Three video examples of ontological blues - a man on his chair, a philosophy teacher causing scandal, consumerism gone crazy

“We don’t need a political discussion, we need an ontological discussion”, said one of our colleagues this week. By which they meant that part of our politics these days is about who wins the battle to define collective reality - and how aware are we of the various strategies deployed to do so. Here’s three videos which address exactly that problem.

Embedded above is Jeong Dahee’s Man on the Chair. Blurb from Psyche:

For some, the existential heebie-jeebies creep in only during small, idle moments – perhaps when you’re awake in bed, or prompted by a mind-bending book or film. Or maybe you find the mysteries of the Universe an endless source of wonder and even joy. But for others, the strangeness of existence, and the reality it rests upon, can be a haunting prospect. Where did I – and everything else – come from? Am I really here? How can I know that I even exist? For those with ruminative and anxious minds, these most fundamental questions are more than just philosophy-class curiosities – they have the capacity to reverberate, linger and overwhelm.

At once meditative and unsettling, Man on the Chair by the Korean animator Jeong Dahee mines enigmatic art from the unknowable. With very few words from an unseen narrator and a stunning series of visuals, she sketches out the tale of a man who, unable to move, spirals deep into the ontological quandaries that have troubled him since childhood. The story unfolds like a haunting dream, drifting further into the surreal with each passing moment.

Aided by a sparse and realistic sound design, Dahee builds a meticulous world, rich with detail at every turn. Lines on the man’s body are echoed in ripples of water, and later as birds in flight. When a table begins to move of its own volition and a glass atop it begins to spill, the creaks, drips and swirls unfold with a convincing physical realism. When a clock on the wall ticks, its second hand jerks into place in a lifelike manner. It’s these small touches, accumulating throughout and tethering the uncanny scenes to reality, that make the work so oddly enchanting.

Although Dahee builds a full story arc, she resists trying to moralise or rationalise away the experience of existential dread. Ultimately, Man on the Chair is a contemplative work, not a message. However, by eventually breaking the fourth wall and revealing herself as the film’s creator, Dahee perhaps hints at her own chosen way to channel anxious feelings about the big, unresolvable questions.

In Therefore Socrates Is Mortal, a school philosophy teacher causes a scandal when she teaches her pupils to identify sophistry in modern social media, like modern-day Socrates. Interview below with film-maker Alexandre Isabelle, from Vimeo’s Staff Picks:

On inspiration: For the creation of this film, I was inspired by my years of teaching philosophy, marked by the beauty of the profession and its limits. I wanted to show the joys of the profession while exteriorizing a feeling of revolt that I sometimes feel when I experience a certain powerlessness to change things from the inside. This frustration is notably related to the rise of clientelism in our schools

On challenges: My first challenge was to bring to life the dilemma "teach or live philosophy" Although specific to the career of a philosophy teacher in the film, it is a dilemma that we all face between words and the call for concrete actions, especially in the current context of climate change. The second challenge was during the shooting, particularly because of the extremely windy weather. Although the script mentioned wind in some scenes, we had not imagined shooting in the middle of a windstorm. Which made our first day of shooting (out of 3) very perilous. but somehow consistent with the subject of the film.

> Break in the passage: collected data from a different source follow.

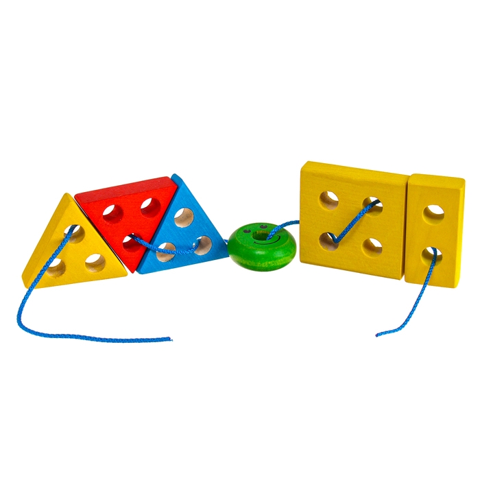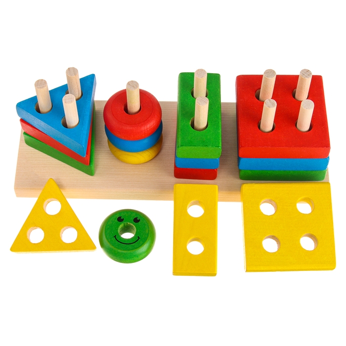 - Задача малыша — правильно подобрать деталь по количеству отверстий и надеть её на столбики.
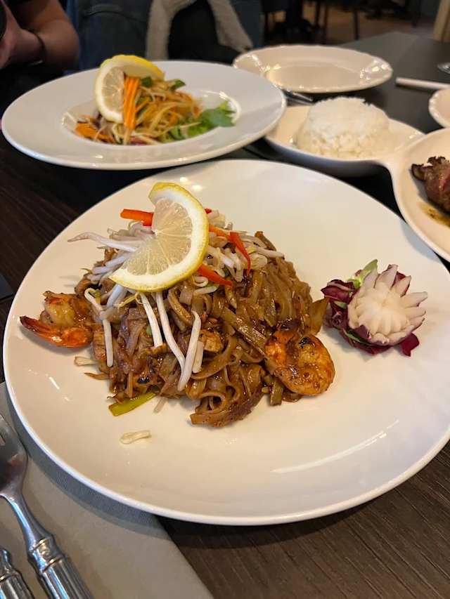 - Nouilles de riz sautées, sauce sucrée à base de tamarin et d'arachide
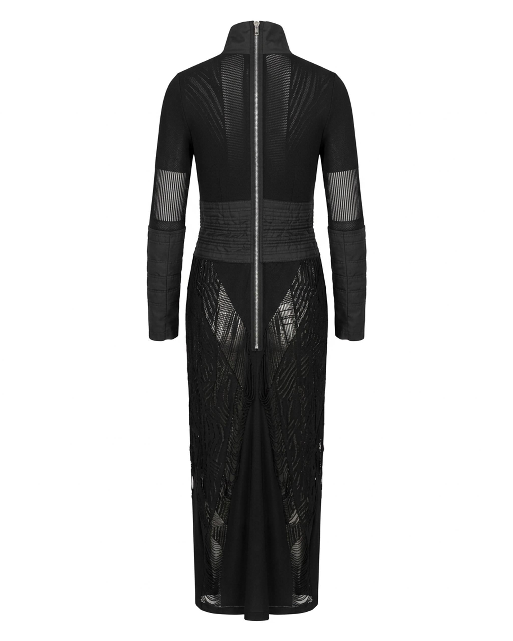 Finishings: Full-length industrial center rear zipper and deconstructed relief texture
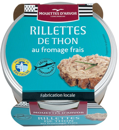 Ingredients: Salmon (58%, including smoked salmon 24%), water, sunflower oil, tuna, onions, potato starch, lemon juice (1.7%), spices, dill (0.2%),stabilizer: guar gum and carob seed flour. Mouettes d’Arvor produces an extensive line of tinned fish, including sardines, mackerel, anchovies, as well as a growing line of fish rillettes in glass jars. Mouettes d’Arvor is a brand of the Conserverie Jacques Gonidec, a family business founded in 1959. It is one of the very last artisanal fish canneries based at Concarneau, in Brittany. Using sustainable fishing practices, the fish are caught fresh, never frozen, and prepared by hand. The products are made with all-natural ingredients and no artificial flavoring.
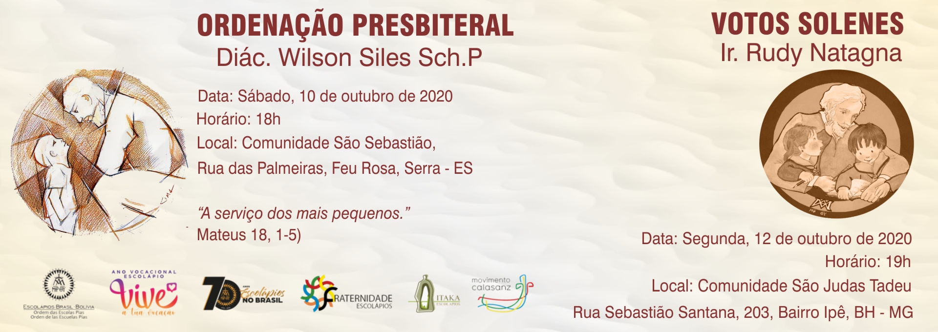 Cuando celebramos los 70 años de presencia escolapia en Brasil, tenemos la alegría de tener una importante fiesta escolapia con la ordenación sacerdotal de Wilson Siles en Serra el 10 de octubre y la profesión solemne de Rudy Natagna en Belo Horizonte el día 12 de octubre.
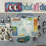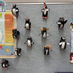 The penguin’s name is Pringle. She arrived with a journal and a copy of Mr. Popper’s Penguins, written by Florence Atwater.
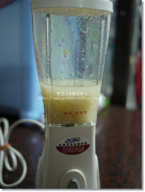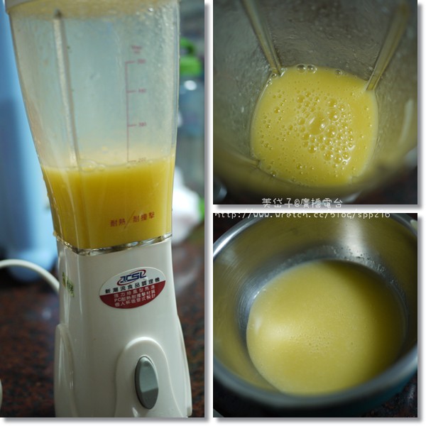 沒想到攪拌後的食物顏色意外美麗,阿乖一直問我是不是要用柳橙汁給妹妹喝,我搖頭他還不信呢!
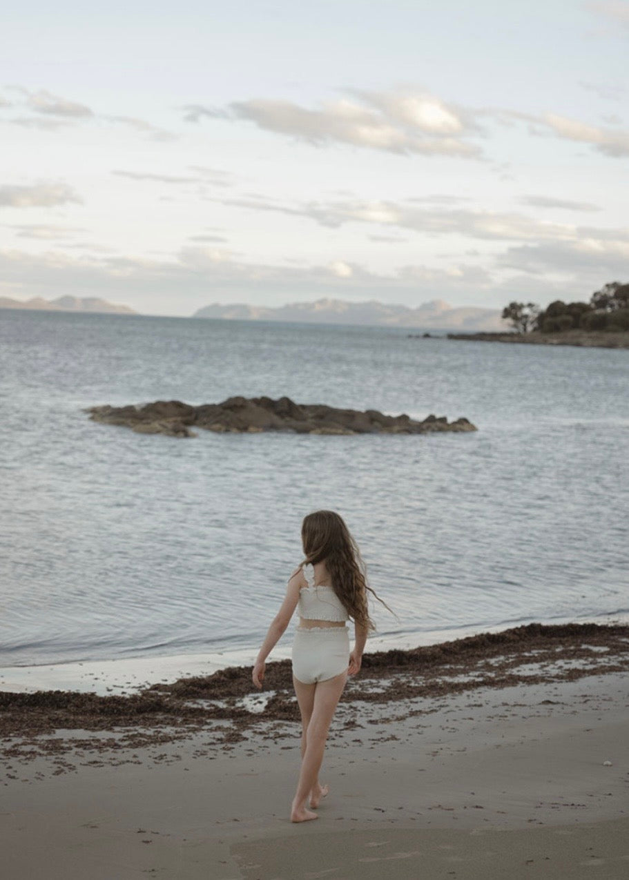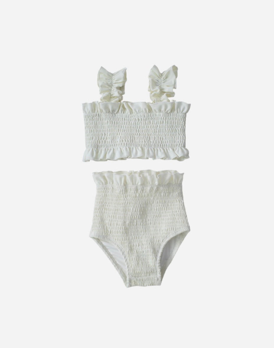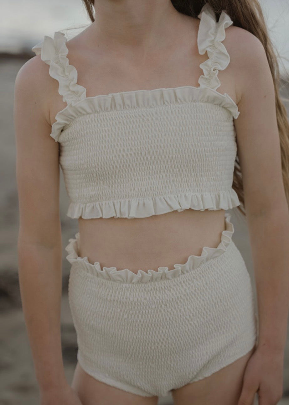 贅沢なスモッキングのディテールにフリル使いがポイントのビキニ。
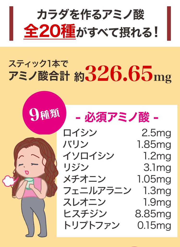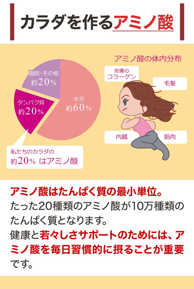 カラダを作るアミノ酸全20種がすべて摂れる!
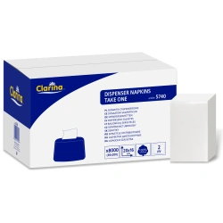 Ubrousky 2vrstvé, bílé, do dávkovače, Clarina 16 x 20 cm, 8000 ks
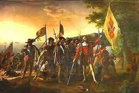Group of a 102 pilgrims sailed from England to "the New World" on the Mayflower. The Pilgrims left England because they wanted religious and political freedom.The long, difficult journey across the Atlantic Ocean continued for 65, days. There were storm on the way and water entered the ship, but the pilgrims decided to continued on to the New World.

On surprising audience interpretations: The main interpretative surprise was that some consider the film to be the pamphleteer. I find that surprising because I had always seen this film as a tragedy of language, precisely as the end of speeches and pamphlets. It got me thinking: Maybe Socrates was not mortal enough in the movie.

On our search for the latest startling work by the filmmaker Cyriak - it’s here, but goes a bit horror-movie at the end for our tastes - we found this 2013 work for the dance-masters Bonobo, titled Cirrus. Amazing digital work, riffing off a 50s promo clip for consumerism. But it shows what can be done with clear human intent, as opposed to seeing what an algorithm may generate (as in Generative AI).